In the wake of recent Senate action to restore the Senate practice that the president’s nominees receive an up-or-down vote, there has been a great deal of hyperventilating about whether the rules change is consistent with the intent of the Founders and what it means for the future of the Senate.

Some have called it “tyranny.” Others, a “naked power grab.”

In reality, the action taken is consistent with both the Constitution and the Senate rules and two centuries of Senate tradition, and is fully aligned with the intent of the Founders as well.

Both Alexander Hamilton and James Madison indicated in the Federalist Papers a clear belief in majority rule, with Hamilton stating that “the fundamental maxim of republican government ... requires that the sense of the majority should prevail.” Nonetheless, the Founders left the matter of House and Senate procedure undetermined in the Constitution, choosing instead to let Congress determine its own rules.

Article I, section 5 of the Constitution, the Rules and Proceedings Clause, states that each House may determine the rules of its proceedings.


That is exactly what the Senate did. In fact, the original Senate rules placed no time limit on debate, but also allowed any senator to make a motion “for the previous question,” which permitted a simple majority to halt debate on the pending question and bring the matter to an immediate vote.

This motion for the previous question was eliminated in 1806, largely because it was deemed superfluous.

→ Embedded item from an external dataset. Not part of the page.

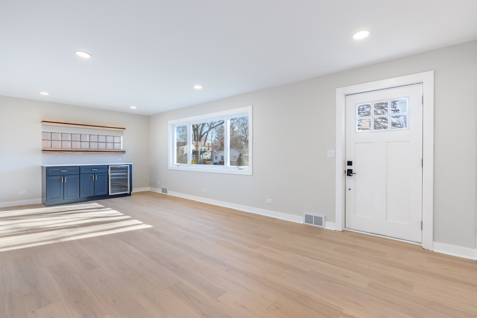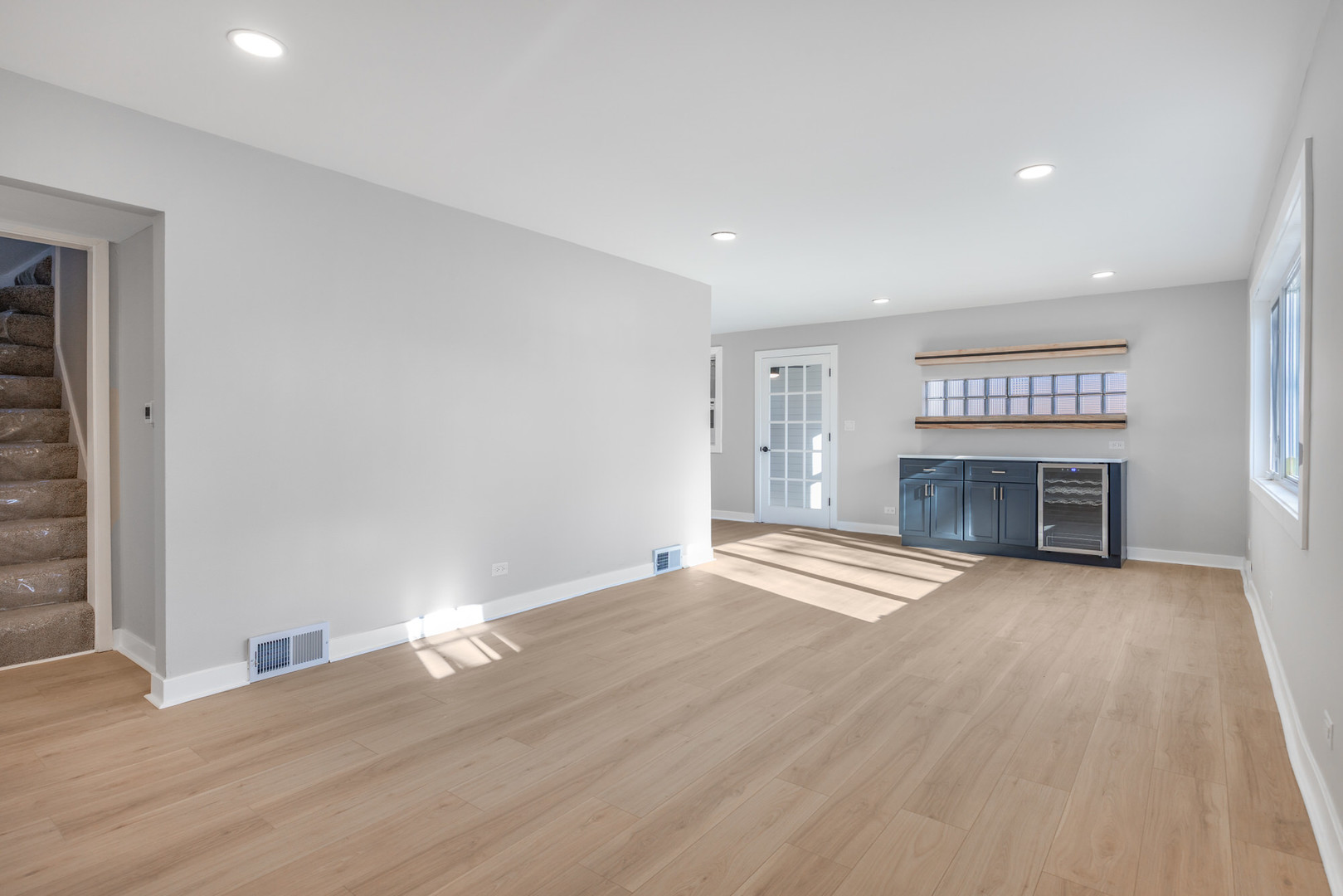 Complete top to bottom rehab in great Lombard neighborhood. New items include tear off roof, windows, tuckpointing, hardie board siding, asphalt driveway and all new landscaping. Enormous yard on corner lot for all your future expansion ideas. Inside features 2 new bathrooms, new kitchen with white shaker cabinets, stainless steel appliances, quartz countertops, and glass tile backsplash. Front room also features dry bar with built in bev/wine fridge. All new mudroom between garage and house has custom built open coat closet. 2 bedrooms and bath on each floor. All new flooring throughtout; LVT first floor and basement, carpet on second floor. Basement has large open area for additional living space, plus utility/laundry room. Broker Owned.

Even then, filibusters were hardly a defining part of the Senate. Across the entire 19th century, there were only 23 filibusters. And from 1917, when the Senate first adopted rules to end a filibuster, until 1969, there were fewer than 50, fewer than one per year.

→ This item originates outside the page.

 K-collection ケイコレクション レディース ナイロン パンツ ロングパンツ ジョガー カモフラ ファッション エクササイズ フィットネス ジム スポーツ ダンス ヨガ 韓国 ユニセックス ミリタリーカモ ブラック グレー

Eliminating the filibuster on some nominations will not change the basic nature of the Senate as a legislative body. Nor will this latest reform turn the Senate into the House, as some have charged.

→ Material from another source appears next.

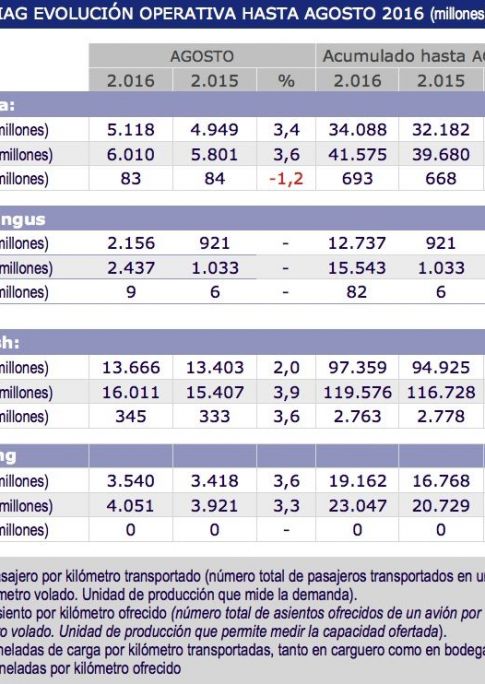 El grupo IAG ha publicado los resultados de agosto de 2016, mes en el que el tráfico de mercancías, con una TKT Carga (toneladas de carga por kilómetro transportadas) de 437 millones de toneladas, asciende un 3,3% con respecto al mismo mes de 2015.

The Senate will continue to differ from the House in significant ways. Senators will continue to be elected every six years, rather than every two years as in the House. Senators from the smallest states will continue to have the same power as senators from the largest states. And the Senate will continue to operate in most instances based on unanimous consent, unlike the House.

In addition, the reforms enacted by the Senate pertain only to nominations, which are themselves solely the province of the Senate.


That is not to say that I would not support changing the filibuster with respect to legislation as well. If the Senate were to take that step, however, it would be critical that the changes preserve the rights of the minority to offer relevant amendments and to have extended debate.

But the minority should not have the ability to block legislation.

The filibuster is not, and never has been, the sacrosanct soul of the Senate that some are now making it out to be. The framers never envisioned that a supermajority of 60 votes would be required to enact virtually any piece of legislation or to confirm nominees. Indeed, the Constitution was very clear about where a supermajority was needed: ratification of a treaty, override of a veto, votes of impeachment, passage of the Constitutional amendment and expulsion of a member.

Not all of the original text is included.